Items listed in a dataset
################

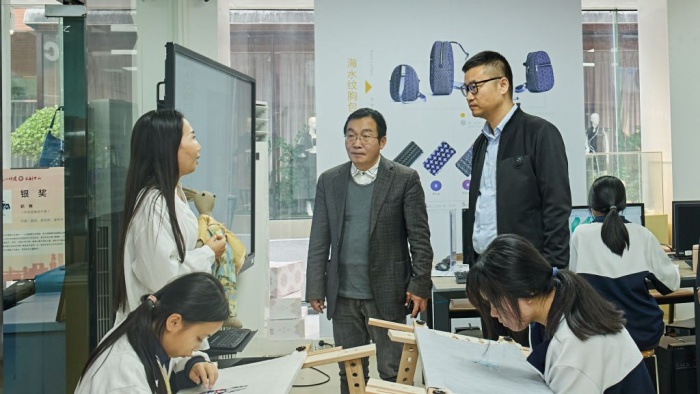 在實地考察兩大專業(yè)群校企合作產教融合實訓室和工作室時,專家組詳細詢問工作室課堂教學和產學研深度校企合作的情況,深入了解學生在工作室參與企業(yè)真實項目運營實踐教學的情況。在考察過程中,馮子川同時詳細介紹學校的發(fā)展歷史、辦學條件、辦學理念、教學管理、校企合作、校園文化建設等方面的情況。在了解到學生得到企業(yè)師傅的專業(yè)指導,學生作品變成企業(yè)產品,最后走向市場成為商品,校企合作、產教融合真正產生效益后,專家組對學校的教育教學和辦學成果表示高度肯定。
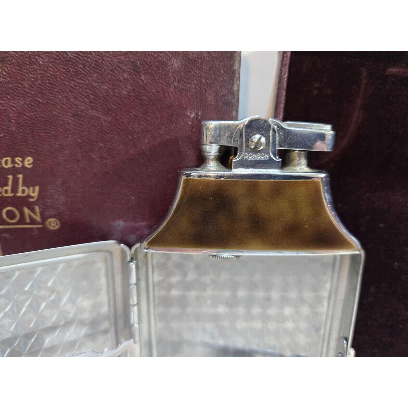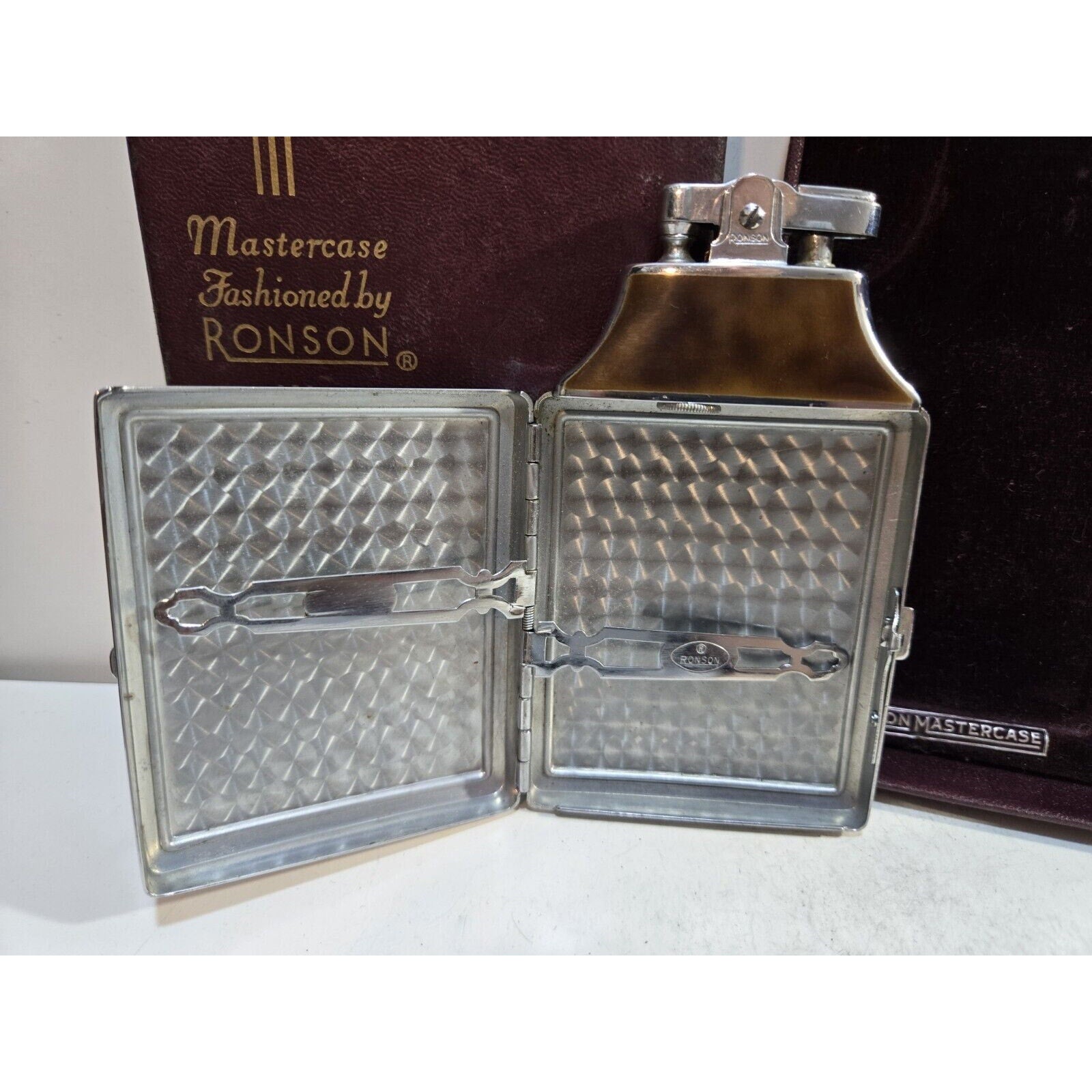 Working Ronson Mastercase Enamel Cigarette Case Lighter Original Case 7163/4
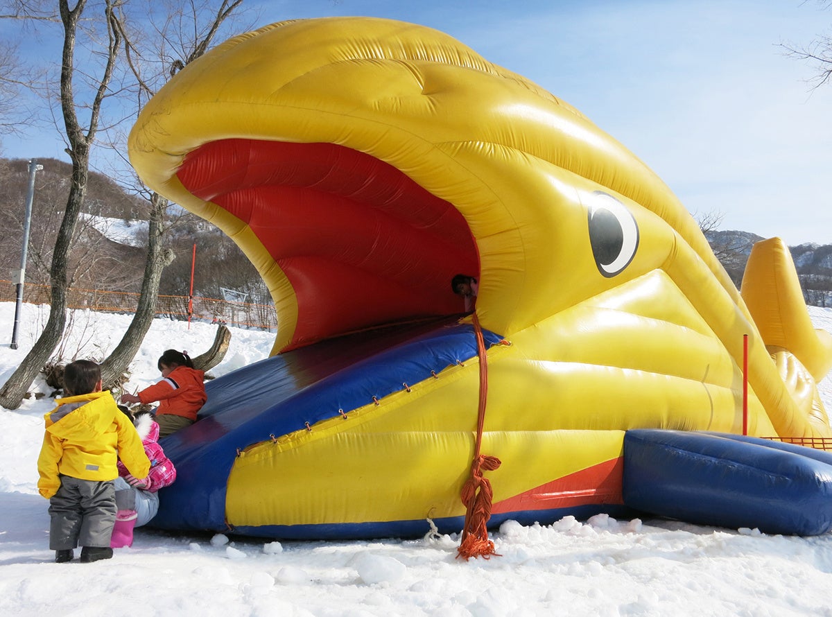 【子供たちが遊べる遊具の「ふわふわクジラ」も登場!!】
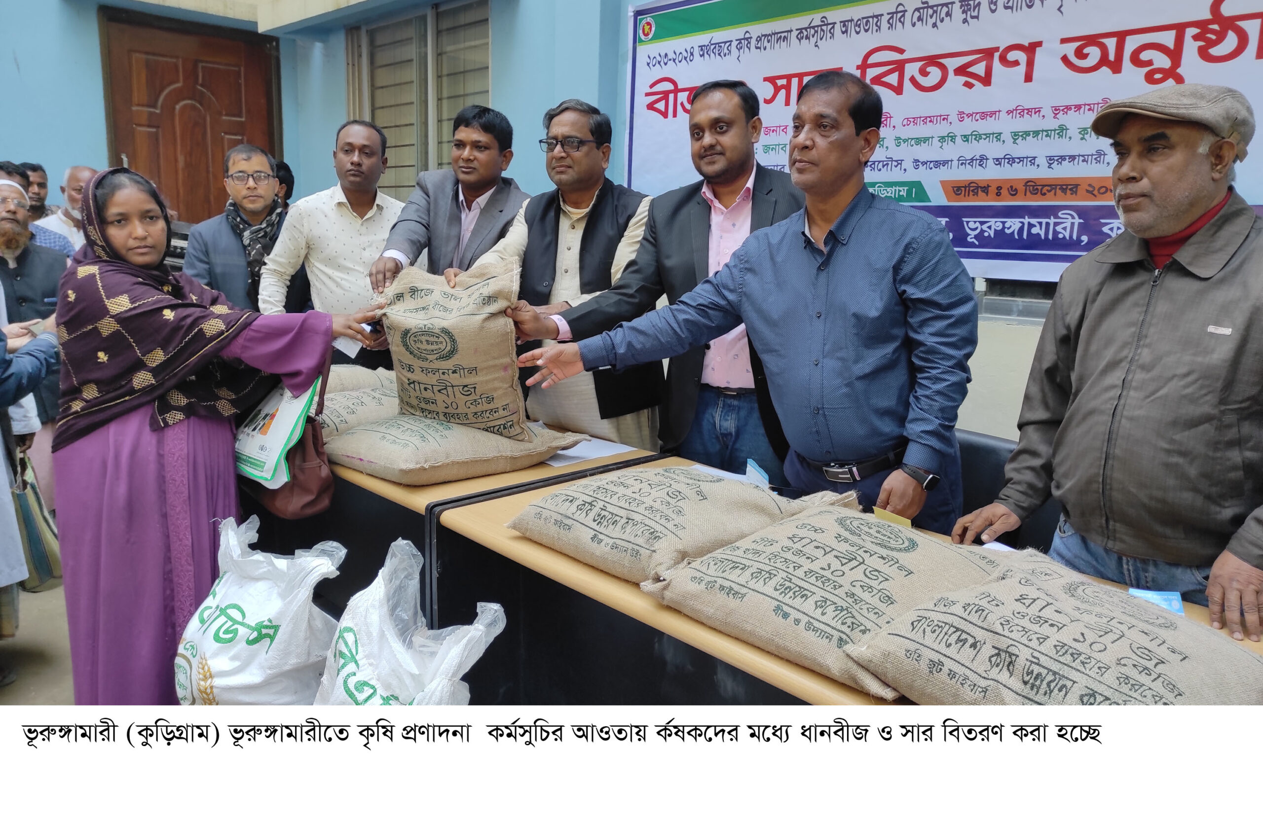 কুড়িগ্রামের ভূরুঙ্গামারী ও ফুলবাড়ীতে চলতি রবি মৌসুমে কৃষি প্রণোদনা কর্মসুচির আওতায় কৃষকদের মাঝে উন্নতজাতের বোরো ধান বীজ ও সার বিতরণ করা হয়েছে।
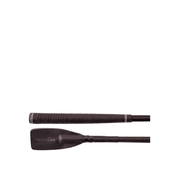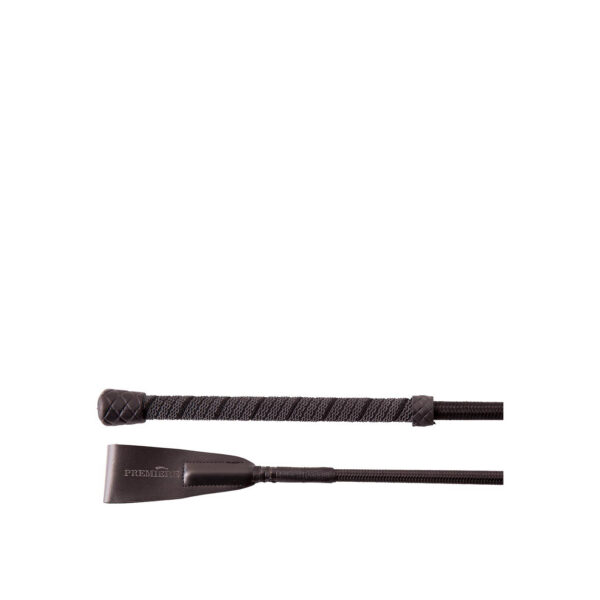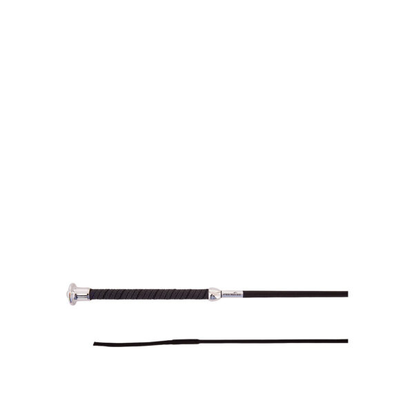 Special eventing (military) whip with a long (circa 30 cm) double-sided EVA lined ‘soft cushion’ keeper with a patent leather
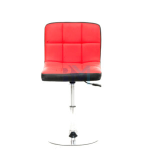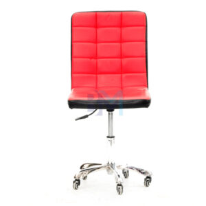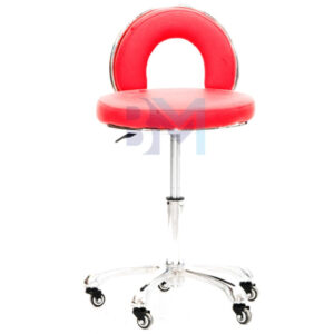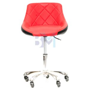 Taburete con respaldo en polipiel color rojo , con base de ruedas o base fija con hidráulico y altura ajustable. Diseño con detalle plateado en los bordes, asiento ergonómico y acolchado de grosor especial para una excelente comodidad y confort.
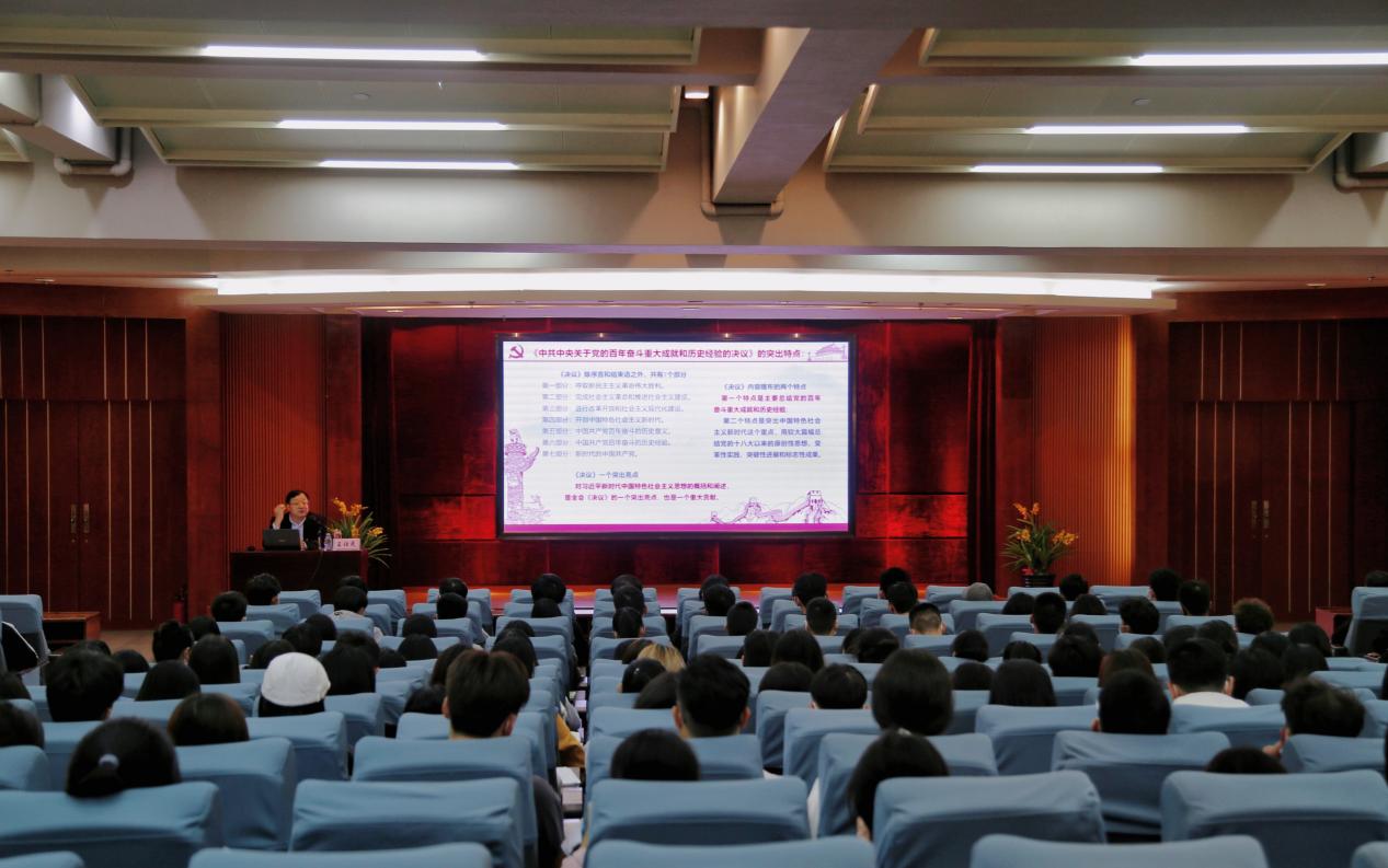 開班儀式后,中山大學博士生導師、我校馬克思主義學院院長王仕民教授為本期入黨積極分子上了第一課,講授了《黨的十九屆六中全會精神解讀》,傳達了黨的十九屆六中全會會議精神,領學了《中共中央關于黨的百年奮斗重大成就和歷史經(jīng)驗的決議》。黨的十九屆六中全會是在我們黨成立一百年之際,黨領導人民實現(xiàn)第一個百年奮斗目標、向著實現(xiàn)第二個百年奮斗目標邁進的重大歷史關頭,召開的一次總結過去、展望未來的歷史性、戰(zhàn)略性重要會議。全會回顧百年奮斗歷程,總結重大歷史經(jīng)驗,具有重大而深遠的意義。

################

Word-for-word repeat, images excluded: return all the data.

 在實地考察兩大專業(yè)群校企合作產教融合實訓室和工作室時,專家組詳細詢問工作室課堂教學和產學研深度校企合作的情況,深入了解學生在工作室參與企業(yè)真實項目運營實踐教學的情況。在考察過程中,馮子川同時詳細介紹學校的發(fā)展歷史、辦學條件、辦學理念、教學管理、校企合作、校園文化建設等方面的情況。在了解到學生得到企業(yè)師傅的專業(yè)指導,學生作品變成企業(yè)產品,最后走向市場成為商品,校企合作、產教融合真正產生效益后,專家組對學校的教育教學和辦學成果表示高度肯定。
 Working Ronson Mastercase Enamel Cigarette Case Lighter Original Case 7163/4
 【子供たちが遊べる遊具の「ふわふわクジラ」も登場!!】
 কুড়িগ্রামের ভূরুঙ্গামারী ও ফুলবাড়ীতে চলতি রবি মৌসুমে কৃষি প্রণোদনা কর্মসুচির আওতায় কৃষকদের মাঝে উন্নতজাতের বোরো ধান বীজ ও সার বিতরণ করা হয়েছে।
 Special eventing (military) whip with a long (circa 30 cm) double-sided EVA lined ‘soft cushion’ keeper with a patent leather
 Taburete con respaldo en polipiel color rojo , con base de ruedas o base fija con hidráulico y altura ajustable. Diseño con detalle plateado en los bordes, asiento ergonómico y acolchado de grosor especial para una excelente comodidad y confort.
 開班儀式后,中山大學博士生導師、我校馬克思主義學院院長王仕民教授為本期入黨積極分子上了第一課,講授了《黨的十九屆六中全會精神解讀》,傳達了黨的十九屆六中全會會議精神,領學了《中共中央關于黨的百年奮斗重大成就和歷史經(jīng)驗的決議》。黨的十九屆六中全會是在我們黨成立一百年之際,黨領導人民實現(xiàn)第一個百年奮斗目標、向著實現(xiàn)第二個百年奮斗目標邁進的重大歷史關頭,召開的一次總結過去、展望未來的歷史性、戰(zhàn)略性重要會議。全會回顧百年奮斗歷程,總結重大歷史經(jīng)驗,具有重大而深遠的意義。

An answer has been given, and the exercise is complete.